MCAT Attributes
From SRB
This document provides a list of MCAT attributes that are currently exposed to the user through the srbGetDataDirInfo Client API.
The srbGetDataDirInfo call provides a means to query the MCAT catalog. The call has the prototype:
extern int srbGetDataDirInfo(srbConn* conn, int catType, char qval[][MAX_TOKEN], int *selval, mdasC_sql_result_struct *myresult, int rowsWanted);
The MCAT uses the input qval[][] and selval[] array to compose and execute SQL queries and returns the query result in myresult. The selval[] array specifies a list of attrbutes to retrieve and qval[][] specifies a lists of predicates conditions to search, which are used conjunctively. Both selval[] and qval[][] must be arrays of size MAX_DCS_NUM and are indexed by values given in mdasC_db2_externs.h under the heading DCS-ATTRIBUTE-INDEX DEFINES. Please check the list there for the most recent set of attributes that are available for querying.
The selval[] values can range as follows with the following semantics
(follows the general relational database) functions:
1 : select value
2 : count()
3 : max()
4 : min()
5 : avg()
6 : sum()
7 : variance()
8 : stddev()
9 : count(distinct )
The qval[] provides conditions for retrieval. The values can be quoted strings or numbers as per SQL requirements. We provide the following types of comparisons for the qval values.
= : equal
<> : not equal
> : greater than
< : less than
>= : greater than or equal
<= : less than or equal
in : in a list [eg. in ('alpha','beta','gamma') ]
not in : not in a list
between : between two items [eg. between 24 and 32 ]

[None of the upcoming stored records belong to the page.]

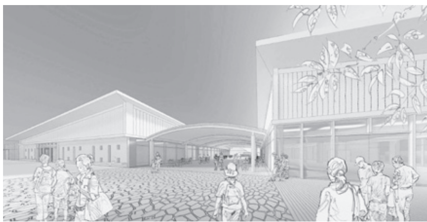
道の駅完成予定図 (パース)
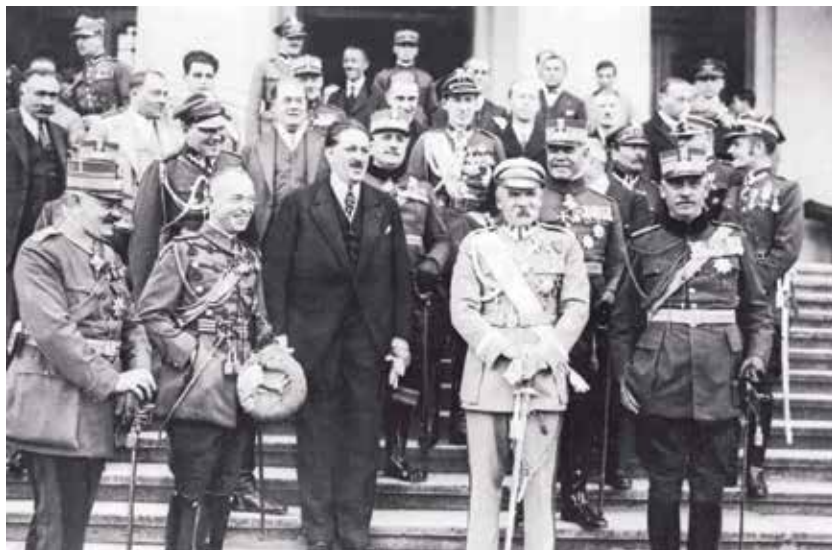
Foto 15: Mareșalul Pilsudski în timpul vizitei la București, în anul 1928. În stânga acestuia, generalul Angelescu, ministrul de Război al României, iar în dreapta, Jan Szembek, ambasadorul Poloniei la București

Între 19 august și 3 octombrie 1928, mareșalul Józef Pilsudski s-a aflat timp de șase săptămâni în vizită în România 72 . Ajungând la Târgoviște el a fost găzduit în vila doctorului Lucjan Skupiewski (străbunicul regretatului președinte polonez Lech Kaczyński și a fratelui său geamăn, Jarosław Kaczyński). În această călătorie, mareșalul Pilsudski a fost însoțit de către Ludwig Włodzimierz, atașatul militar al Poloniei la București, precum și de fiicele sale Wanda, de unsprezece ani, și Jagoda, de opt ani 73 .
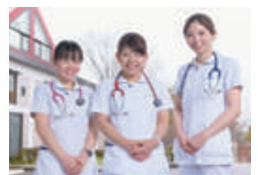
患者さんを笑顔でサポート
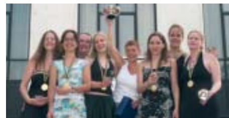
Δροσιά και χαμόγελα. Η πρωταθλήτρια ομάδα κοριτσιών της Ολλανδίας
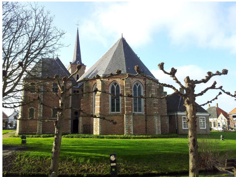
Adriaanskerk te Dreischor

Protestantse Gemeente Dreischor-Noordgouwe
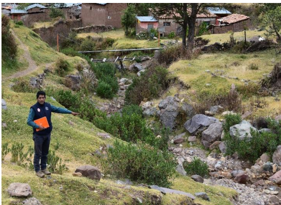
FOTO 01: Se Aprecia el cauce con pendiente muy fuerte, por la margen derecha e izquierda se encuentra asentado viviendas.
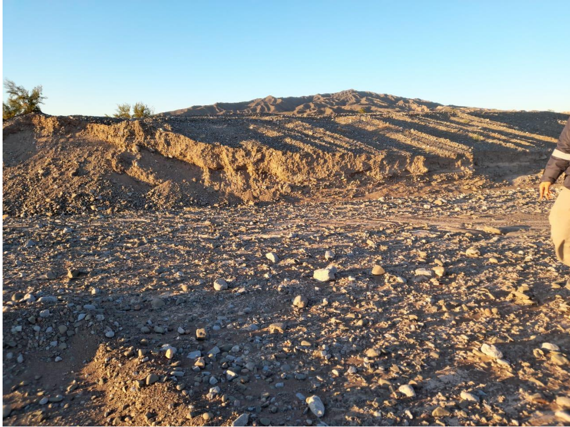
Foto: Badén N°4, Prog. 5+500., aguas arriba encauce y reconstitución de defensas.
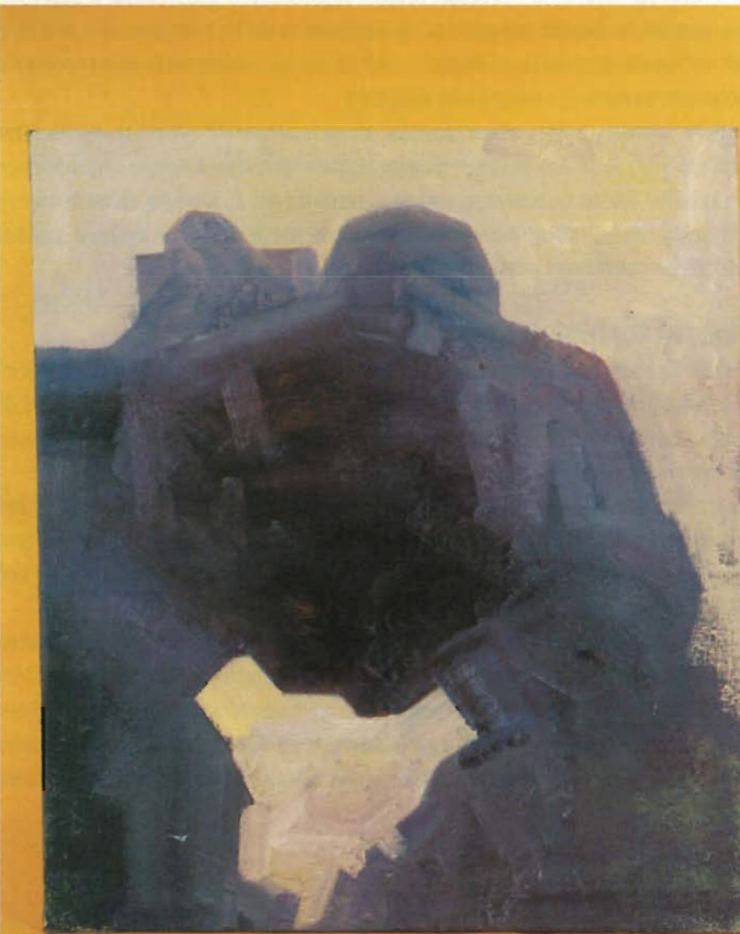
Beklaagde 80 x 90 cm.
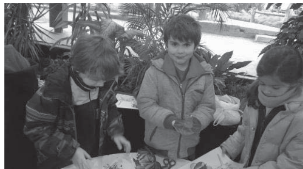
Alumnos de las escuelas mostrando sus producciones

En los últimos años se intensificaron las podas excesivas y fuera de época en los árboles urbanos de Bariloche, que en muchos casos ocasionaron su muerte. Asimismo, son notorias las deformaciones de la arquitectura típica de cada especie de árbol que se
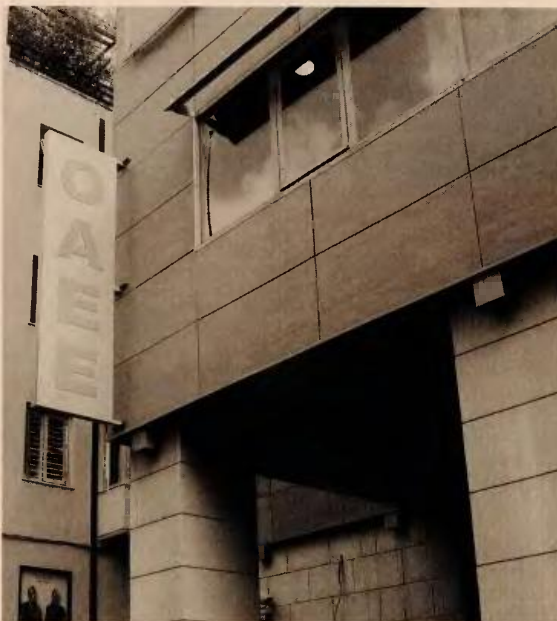
Για τους παλαιούς (έως το 1992) ασφαλισμένους του ΟΑΕΕ το κατώτατο όριο σύνταξης είναι στα 473,4 ευρώ και για τους νέους στα 486,29 ευρώ.

Καθώς, βέβαια, το ταμείο των ελευθέρων επαγγελματιών δίνει κατά κανόνα υψηλότερες από τα κατώτατα όρια συντάξεις, στην εγκύκλιο διευκρινίζεται ότι οι μειώσεις αφορούν κυρίως δύο κατηγορίες ασφαλισμένων: όσοι συνταξιοδοτούνται στα 62 με 15ετή συντάξιμο χρόνο καθώς και όσοι συνταξιοδοτούνται στο 50 ή 55ο έτος ηλικίας, με 20ετή συντάξιμο χρόνο για μητέρες ή κήρους πατέρες ανίκανων για κάθε βιοποριστική εργασία παιδιών, για μειωμένη ή πλήρη σύνταξη αντίστοιχα. Οι συγκεκριμένοι ασφαλισμένοι θα λαμβά-
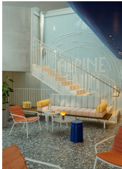
BWM_Bad Gastein_Hotel Badeschloss_Spa 01
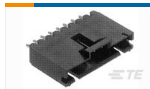
TE 产品编号5-103908-4 05 MTE HDR SRST LATCH W/HLDWN
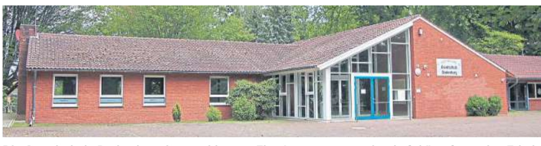
Die Grundschule Drakenburg ist geschlossen. Eine Interessengemeinschaft kämpft um den Erhalt der Einrichtung.

Die Initiative weist außerdem darauf hin, dass in diesem Jahr 95 Prozent der Lehrerstellen an Niedersächsi-
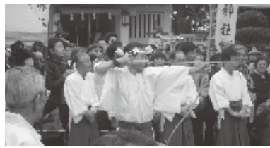
甘酒も振る舞われ
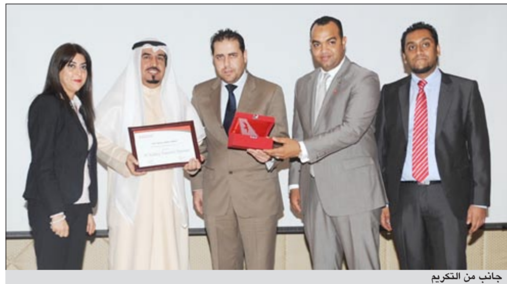
جانب من الترويج
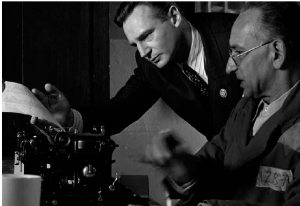
Una scena tratta da Schindler's list , il film del 1993 diretto da Steven Spielberg
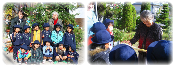
【堅田保育園児による訪問風景】

保育園児による高齢者宅への訪問やいきいきサロンでの交流、幼稚園・保育園児からの心のこもった贈り物、ボランティアによる手づくりのチラシ寿司などが届けられました。みなさんのご協力ありがとうございました。これらの活動をとおして、世代間交流の機会の推進に努めていきます。
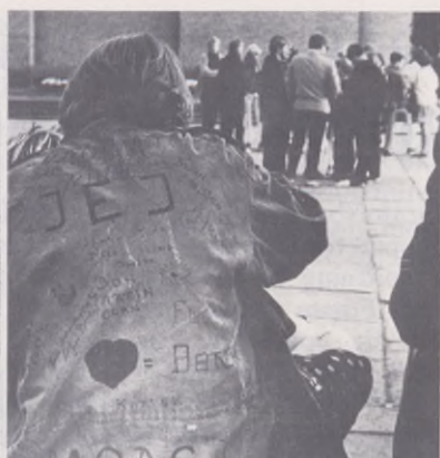
Under "mods-perioden" i mitten av 1960-talet, då Götaplatsen blev populär och ibland orolig samlingsplats, fick den uppsökande verksamheten i innerstaden ökade resurser.

troende och delat ansvar mellan ungdomar och de ledare som anställdes till dessa verksamheter.
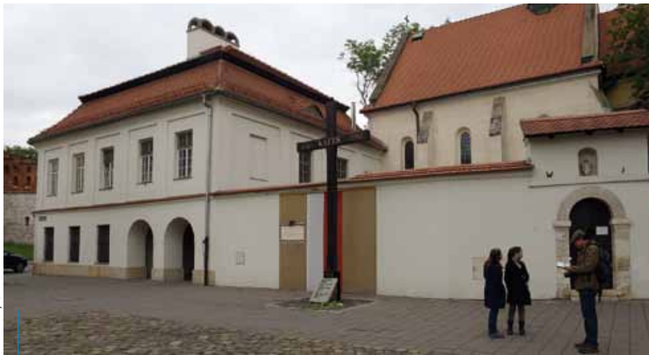
Dzięki Franciszkowi Ferdynandowi ocalał budynek w otoczeniu kościoła św. Idziego – w którym dziś mieści się żłobek

Zabity przed stu laty w Sarajewie arcyksiążę Franciszek Ferdynand nie cieszy się dobrą opinią wśród publicystów piszących o monarchii habsburskiej. Piszą, że strzelał do sarenek z karabinu maszynowego, że tak zaprawił się do mordowania wszelkiej zwierzyny, iż będąc chorym i leżąc w łóżku, miał pod ręką sztucer, którym polował na muchy. Jeszcze sto lat po śmierci zarzuca mu się skąpstwo i... pobożność.
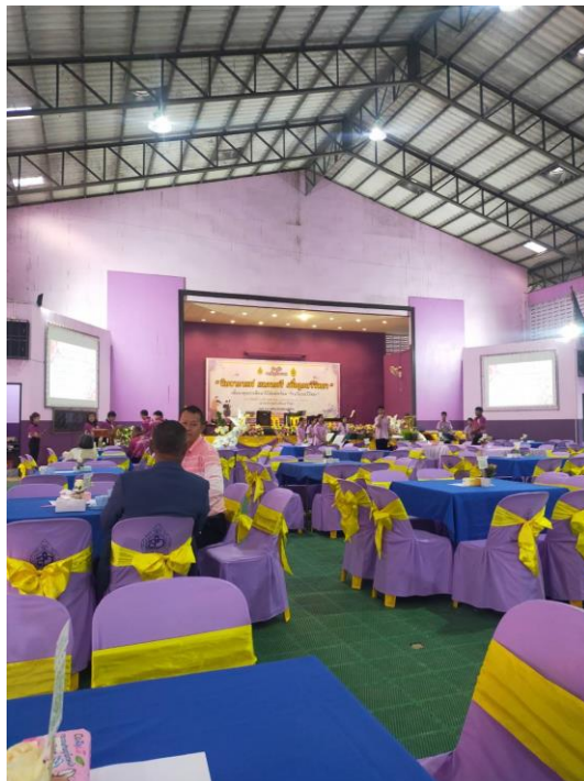
ข้าพเจ้าเข้าร่วมกิจกรรม “จิบกาแฟ แลคนตรี เพื่อลูกสวีวิทยา” ณ โรงเรียนสวีวิทยา อ.สวี จ.ชุมพร

not between : not between two items
like : like use % and _ for wildcard string and
character respy. Can use ESCAPE as per SQL.
not like : not like an item
sounds like : if soundex is built into the database
Oracle supports it.
sounds not like : sounds not like an item.
For the selval[] array, setting an element of the array to 1 means that the value associated with this element is to be retrieved. e.g., selval[USER_NAME] = 1; means the "user_name" attribute is to be retrieved. The qval[][] array value includes comparison predicates to search. e.g., sprintf(qval[DATA_NAME]," = '%s'", "unixFileObj1"); means that the search condition includes the term (data_name = "unixFileObj1").
Once the query is successful, individual columns of the resulting structure can be retrieved using the getAttributeColumn function whose prototype is given below:
char *getAttributeColumn(mdasC_sql_result_struct *result, int attrIndex)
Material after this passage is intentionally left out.